На фоне этой дворцовой истерии началась война с Литвой. Александр не видел смысла в войне, он всеми силами желал мира с тестем. Но Иван стал переманивать на свою сторону его князей, которые уходили вместе со своими землями. Государство таяло на глазах, Москва жирела. В этом отчасти Александр был виноват сам: он вздумал вдруг взять ориентацию на католичество, хотя прежде обе веры были равноправны. Многим русским князьям это не нравилось.
Зато ситуация нравилась Ивану, и он знал, как ее использовать. Вознегодовав на гонения православных (чего и не было), он тут же ввел войска в княжества, передавшиеся от Александра. Последний назначил своим полководцем талантливого Константина Острожского. Силы противников были примерно равны. Но все решила тайная засада: когда литовцы двинулись через мост на Ведроши, русские подрубили его и внезапно смешали ряды воинов. Началась паника. Литовцы бежали. В то же время отряды северных земель взяли Торопец. Но Иван жаждал Смоленска. Только непогода не позволила ему начать штурм.
Тем временем Александр изо всех сил укреплял свои города и искал союзников. Таким образом в союзники попали немецкие рыцари, хан Шиг-Ахмет, венгры и поляки. А из-за непонятной ненависти к невестке и Дмитрию от союза с Иваном отказался московский господарь, отец этой невестки и дед Дмитрия. В 1502 году Иван вдруг посадил Дмитрия в оковы, запретил поминать его имя в церкви и объявил всенародно своим наследником Василия. Он не взял сторону Александра, но об Иване и слышать не желал.
Война в Литве, которую вел Иван, была жесточайшей. Ни от одного врага эти земли не терпели такого опустошения, даже и от монголов. Война истощала оба государства, и в конце концов зашла речь о мире. Но Иван не желал возвращать захваченных земель. На все претензии он отвечал: «Что мы с Божиею помощиею у него взяли, того не отдадим. Еще Киев, Смоленск и многие иные города принадлежат России: мы и тех добывать намерены». Только из особого уважения некоторые незначительные города он вернул.

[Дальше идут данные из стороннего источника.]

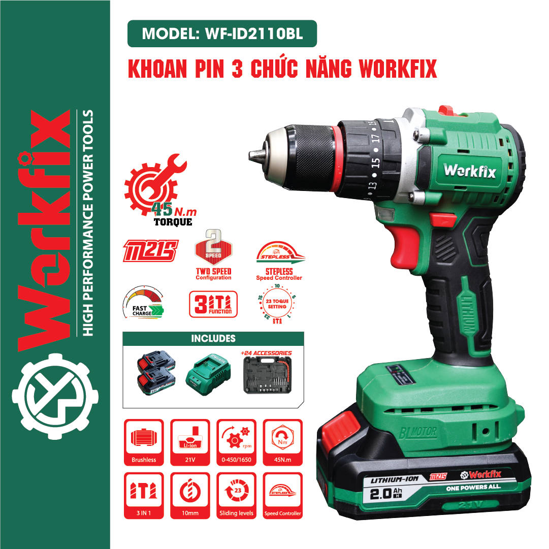 MÁY KHOAN PIN 3 CHỨC NĂNG 21V WORKFIX WF-ID2110BL:
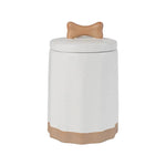 Designed to complement modern home décor! This treat jar features matte speckled ivory glaze, scalloped sculpt, and an exposed stoneware base and bone handle that give a unique natural look and feel.
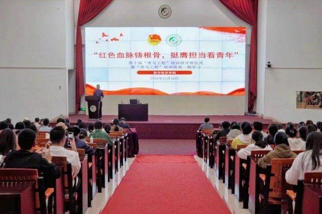 11月16日,数字经济学院于校区诚智报告厅召开红色血脉铸根骨,挺膺担当看青年”第十届“青马工程”培训班开班仪式暨“青马工程”培训班第一期学习会。院党委副书记(主持工作)黄成茂、院党委副书记张云帆、院团委书记黄国栋、全体辅导员以及培训班全体学生共200余人参加了此次活动。开班仪式由黄国栋主持。
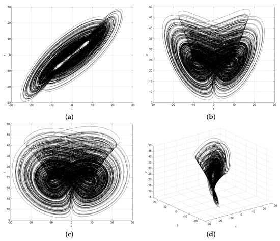 The three-dimensional phase diagram of Chen’s chaotic motion state. (a) The x–y plane phase diagram; (b) The y–z plane phase diagram; (c) The x–z plane phase diagram; (d) The Spatial phase diagram of Chen chaos.
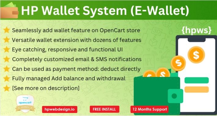 HP Wallet System is an extension that will act as digital wallet features on your opencart online store.
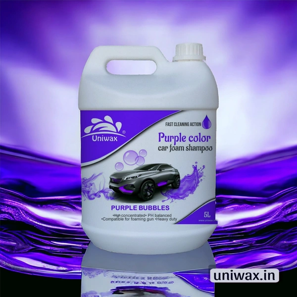 uniwax color car Foam shampoo is super dense clinging Purple foam to soften surface dirt. It has water softer quality which gives the best result on a car. It saves time and effort and creates thick Purple foam. Great Fragrance and Neutral Ph. Product is extremely effective with hard water. Safe on hands also helps in cleaning spots from chrome and glass too. it removes Tough Dirt & Road Grime from your Car or Bike. It is work in the foaming spray gun, jet foaming machine, and foaming jet cylinder

Чуть не в этот год вдруг умерла Софья. Иван тоже стал слабеть и болеть. Понимая, что жизнь его может внезапно прерваться, он написал завещание в пользу сына Василия. Но прежде Иван думал увидеть его женатым. Будущему царю было уже 25 лет, а он еще не имел жены. Женить сына Иван хотел с выгодой для государства.
Сначала в кандидатки была избрана принцесса датская, но отец поспешил выдать ее за Курфюрста Бранденбургского. Тогда Иван, желая увидеть свадьбу собственными глазами, решил найти невесту в своем отечестве. Выбрал он дворянскую дочь Соломонию Сабурову.
Скоро отпраздновали и свадьбу. После этого Иван жил совсем недолго: в октябре 1505 года его не стало.
Василий принял от отца большую, но разоренную войнами страну. Правил он в полном согласии с политикой своего отца. Словно специально, первым его военным походом стал поход на Казань, который (как и у самого Ивана) закончился неудачно. Но нужды во втором походе уже не было: решивший стать независимым казанский царь скоро клятвенно заверял в дружбе и признал свою зависимость от России.
В литовской политике Василий старался вести дела так, чтобы с виду они казались миролюбивыми, а на самом деле вредили литовскому королю. Александр надеялся, что брат его жены не захочет нарушать установленный мир. Он видел в Василии приятного молодого человека, родственника, а тот видел в шурине только врага. «Одним словом, – говорит Карамзин, – Александр увидел, что в России другой Государь, но та же система войны и мира. Все осталось как было. С обеих сторон изъявлялась холодная учтивость.
В августе 1506 года Король Александр умер: Великий Князь немедленно послал чиновника Наумова с утешительною грамотою ко вдовствующей Елене, но в тайном наказе предписал ему объявить сестре, что она может прославить себя великим делом: именно, соединением Литвы, Польши и России, ежели убедит своих Панов избрать его в Короли; что разноверие не есть истинное препятствие; что он даст клятву покровительствовать Римский Закон, будет отцом народа и сделает ему более добра, нежели Государь единоверный. Наумов должен был сказать то же Виленскому Епископу Войтеху, Пану Николю Радзивилу и всем Думным Вельможам.
Мысль смелая и по тогдашним обстоятельствам удивительная, внушенная не только властолюбием Монарха-юноши, но и проницанием необыкновенным. Литва и Россия не могли действительно примириться иначе, как составив одну Державу».